Single by Insane Clown Posse and Jack White
- B-side: "Mountain Girl"
- Released: September 13, 2011
- Recorded: August 2011
- Genre: Rap metal
- Length: 3:06
- Label: Third Man
- Songwriters: Violent J, Shaggy 2 Dope, Wolfgang Amadeus Mozart and Jack White
- Producer: Jack White

Insane Clown Posse singles chronology
| "Fonz Pond" (2011) | "Leck mich im Arsch" (2011) | "It's All Over" (2012) |

Jack White singles chronology
| "Fly Farm Blues" (2009) | "Leck Mich Im Arsch" (2011) | "Love Interruption" (2012) |

= Leck mich im Arsch (Insane Clown Posse song) =

"Leck mich im Arsch" is a song by Insane Clown Posse and Jack White. The lyrics are inspired by "Leck mich im Arsch", a scatological canon by Wolfgang Amadeus Mozart (K. 231/382c), while the music is based on a canon called "Leck mir den Arsch fein recht schön sauber" (K. 233/382d). The latter has for two centuries been attributed to Mozart but evidence has shown that the music of the piece was composed by Wenzel Trnka and Mozart merely replaced the original lyrics with his own.

==Background==
In August 2011, Insane Clown Posse was contacted by Jack White, who invited Joseph Bruce and Joseph Utsler to his mansion, because he wanted to collaborate with them. White played the track he was working on, an arrangement of Wolfgang Amadeus Mozart's "Leck mich im Arsch" (German for "Lick my ass!") with live instrumentation by JEFF the Brotherhood, for Bruce and Utsler and explained what the title of the track translated to.

Insane Clown Posse were surprised that White wanted to work with them, and said that they had respect for White, who is also from Detroit. Violent J said, "The most respected musician in the world and one of the most hated musicians in the world. We didn't expect that call, brother. I told him, 'I gotta know—why us?'. He said, 'I find myself going to your web site and looking at it. Some stuff I think is genius, some stuff I don't understand at all, but I always find myself going back there and seeing what you're up to."

==Production and release==
Bruce perceived that the scatological nature of the composition was the reason why White asked Bruce and Utsler to appear on the song, but once White explained Mozart's sense of humor, they became excited to work on it.
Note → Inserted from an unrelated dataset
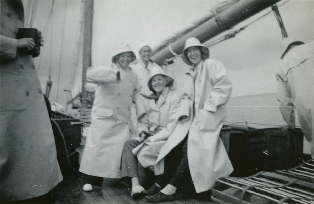Kvinnor i regnkläder blir fotograferade på däck.

Insane Clown Posse went back to their hotel room to write their lyrics, and returned to record with White and JEFF the Brotherhood in White's home recording studio. Bruce and Utsler's vocals were recorded in one take. Insane Clown Posse said that the song was a collaboration and that White asked them for their feedback throughout the recording process. The song was released as a single on September 13, 2011 by White's label Third Man Records.

== Reception ==
Response to the song was first marked by surprise at the collaboration, CBS News calling it "a head-scratcher". It was described as "combin[ing] Violent J and Shaggy 2 Dope's wacky rhymes with Mozart's pristine melody, all thanks to Jack White".

On the German website The Circle, Victoria Schaffrath wrote: "But not everything that works in theory should be put into practice. The result of this collaboration is hard to describe: questionably produced strings, women crooning operetta-like "Kiss my ass" with American accents. Then "Violent J" and "Shaggy 2 Dope" join in, impressing with lines like "Mozart, dope for the most part / respected, cause he knows art." We'd rather not quote the rest of the lyrics here. The "homage," if you can even call it that, lasts a total of 185 seconds." Charlie Jones, of DMY, depicted the song as follows: "Set over the urgent German vocals which continuously demand "Leck Mich Im Arsch", the contribution from the masked hip hop outfit consists mainly of drawn-out skits and more exploration on the theme of bum-licking than you ever thought possible."

Ray Finlayson, of Beats per Minute, was very critical of the result. A review for Glide warned the audience: "If you don't like it, well I can understand good taste. But how can you not laugh at lines like this: Call it a fetish, call him a freak, callin' in need of a tongue on his butt cheek."